Padişahların, sarayda Farsî geleneklerini de kabul etmesi, kadınları haremin en karanlık diplerine itti.

Padişahlar kadını hareme mahkum ettikçe, tebaa da kadını kafesin arkasına kapatmaktan geri kalmadı. Artık erinin, erkeğinin yanında duran Türk kadını değil, efendisinin kölesi gibi peçeye, kafese kapatılmış Osmanlı kadın figürü yaratılmıştı.

Kadın, mecburiyetten sokağa çıkmak zorunda kalırsa, peçe kullanılacaktı. Ayrıca peçelerin üstüne gösterişli uzun yakalar takamaz, kurdeleler kullanamazdı.

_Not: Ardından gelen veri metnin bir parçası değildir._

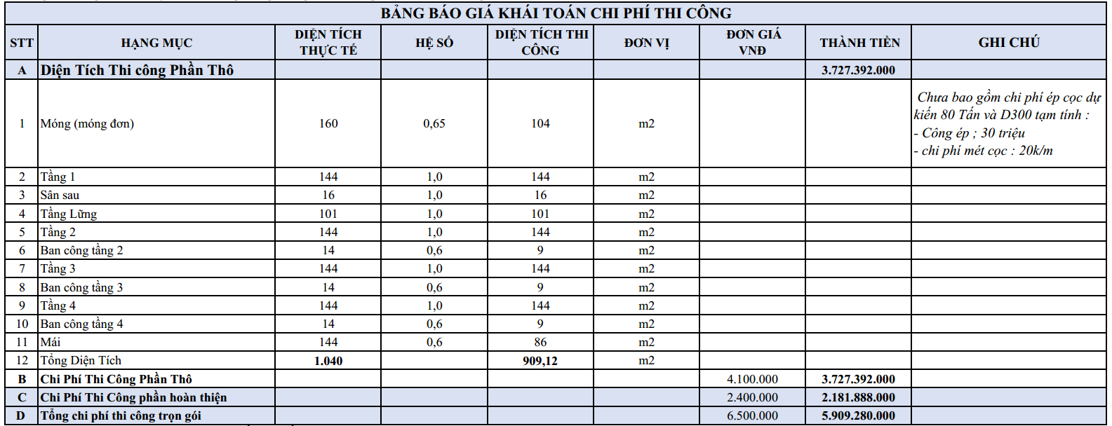 Ví dụ: Bạn có mảnh đất 160m2, xây trệt 5 Tầng, thì tổng diện tích xây dựng là 1040m2, cộng thêm phần móng cọc 65%, mái btct 50% , Chi phí không bao gồm ép cọc bê tông ( vì mỗi địa chất khác nhau nên chi phí cọc khác nhau và được tính theo khối lượng ép thực tế )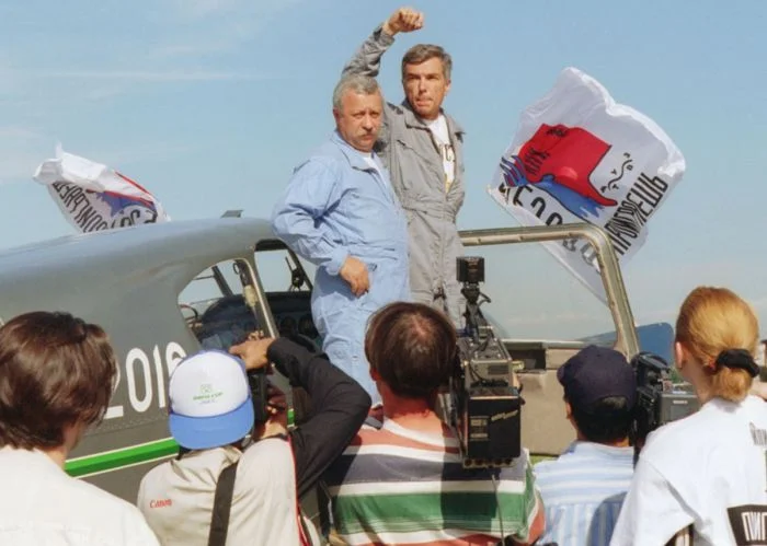 6. Леонид Якубович и Юрий Николаев перед агитационным авиаперелетом, 1996 год

1725 yılına gelindiğinde kadınların Anadolu’da kullanılan yemeni ile sokağa çıkmaları yasaklandı. Ama Anadolu kadını bu yasağı fazla takmadı. Ama Anadolu’da da olsa kadın, süslü başörtüsü kullanamazdı. Bu tarz elbise dikmek de yasaktı. Bu elbiseleri diken terzi de sürülürdü.

1730’da tahta oturan Sultan 1. Mahmut, kadınların erkeklerle aynı kayığa binmelerini yasakladı.

Aynı yastığa baş koyabilirdiniz ama aynı kayığa binemezdiniz.

1752’de aşıkların buluşmalarını önlemek için kadınların mesire yerlerine girmeleri de yasaklandı. Erkek erkeğe pikniğe gidebilirdiniz ama ailenizle gidemezdiniz. Kadınların eşleri ile birlikte faytona binmesi de yasaktı. Bunun için bir şehir haritası bile hazırlandı.

Kadınlarla ilgili yasakları siyah peçe de kesmedi. III.Osman döneminde kalın siyah peçe kullanmayan kadın sokağa çıkamazdı. Kediler köpekler bile dışarı çıkıyor ancak kadınlar çıkamıyorlardı.

Kadınlar ilk defa 1872 yılında Bursa ipek fabrikasında çalışmaya başladı. Ama erkekler tam maaş alırken, kadınlar ise erkeklerin ancak yarısı kadar maaş alıyordu.

Halka açık yerde çarşafla dolaşmak da yasak. Yani aslında kadınların dolaşması yasaktı. 1757'de Sultan 3. Mustafa kadınların ne şekilde olursa olsun, sokağa çıkmalarını ve dolaşmalarını yasakladı.

Bırakın yaya dolaşmayı, kadınlar Beyazıt, Aksaray, Şehzadebaşı gibi yerlerden arabayla bile geçemezdi.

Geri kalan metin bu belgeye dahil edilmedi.